Nick Wolters

Personal information
- Date of birth: 5 August 1993 (age 31)
- Place of birth: Kerkrade, Netherlands
- Height: 1.96 m (6 ft 5 in)
- Position(s): Goalkeeper

Team information
- Current team: AFC Eskilstuna
- Number: 1

Youth career
- 0000–2014: VV Chevremont
- 2014–2015: Roda JC

Senior career*
- Years: Team / Apps / (Gls)
- 2016–2017: Roda JC / 0 / (0)
- 2017–2018: Dordrecht / 5 / (0)
- 2018–2019: Gottne IF / 12 / (0)
- 2020: Eskilstuna City / 0 / (0)
- 2021–: AFC Eskilstuna / 62 / (0)

= Nick Wolters =

Dutch footballer

Nick Wolters (born 5 August 1993) is a Dutch football player.
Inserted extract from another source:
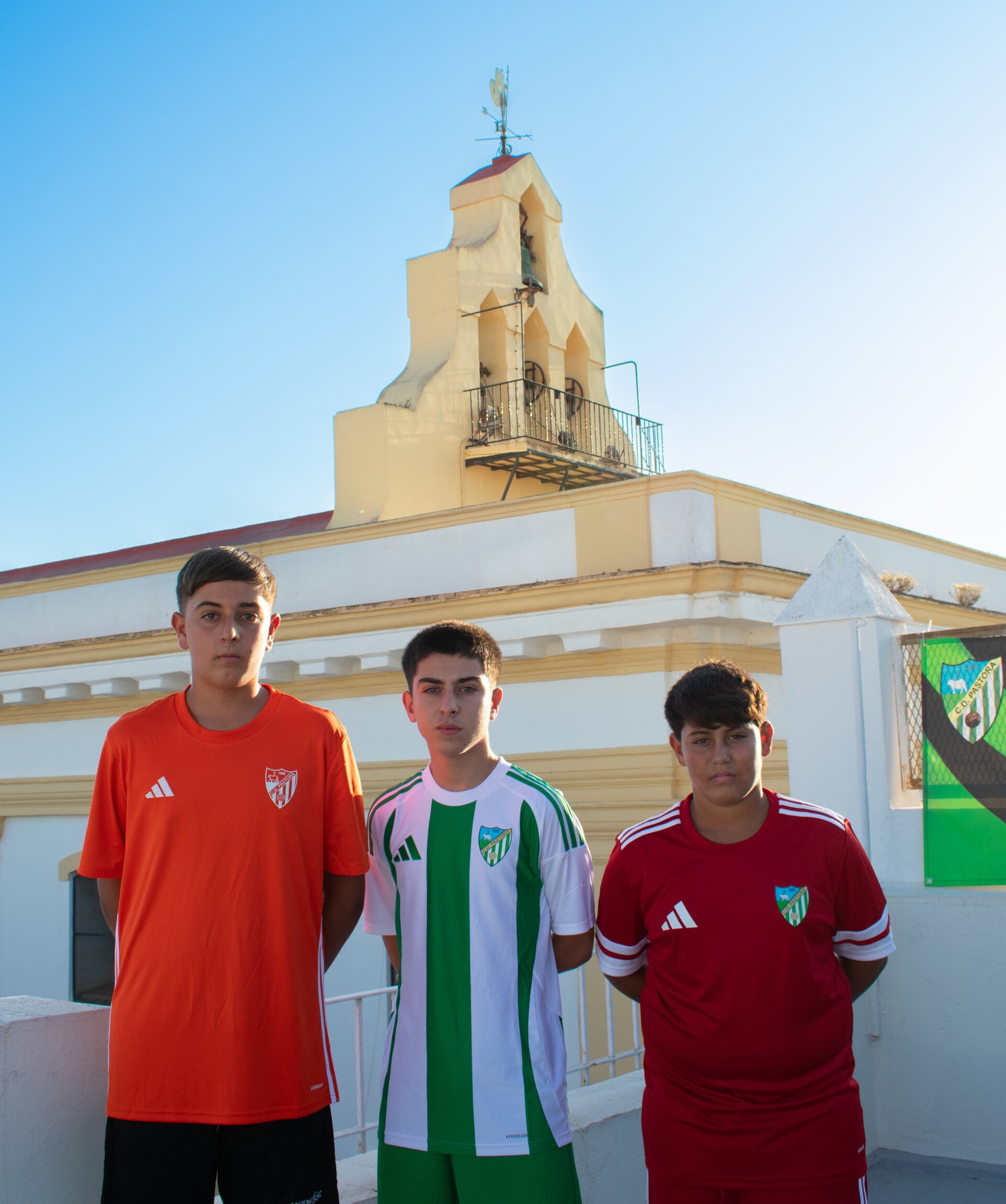 Sesión Fotográfica realizada el día 14 de julio en la azotea de la casa de Hermandad de Ntra. Sra. la Virgen de la Pastora, desde donde se puede contemplar el campanario de la Parroquia del Barrio de La Pastora, lugar donde empezó a dar los primeros pasos nuestro Club en el año 1966.

He plays for Swedish club AFC Eskilstuna.

==Career==
===Club career===
He made his Eerste Divisie debut for FC Dordrecht on 1 September 2017 in a game against FC Emmen.

In the summer 2018, Wolters moved to Sweden and joined Gottne IF. He left the club at the end of 2019, to join Division 3 Södra Svealand club Eskilstuna City FK for the 2020 season.

Ahead of the 2021, he joined Superettan club AFC Eskilstuna.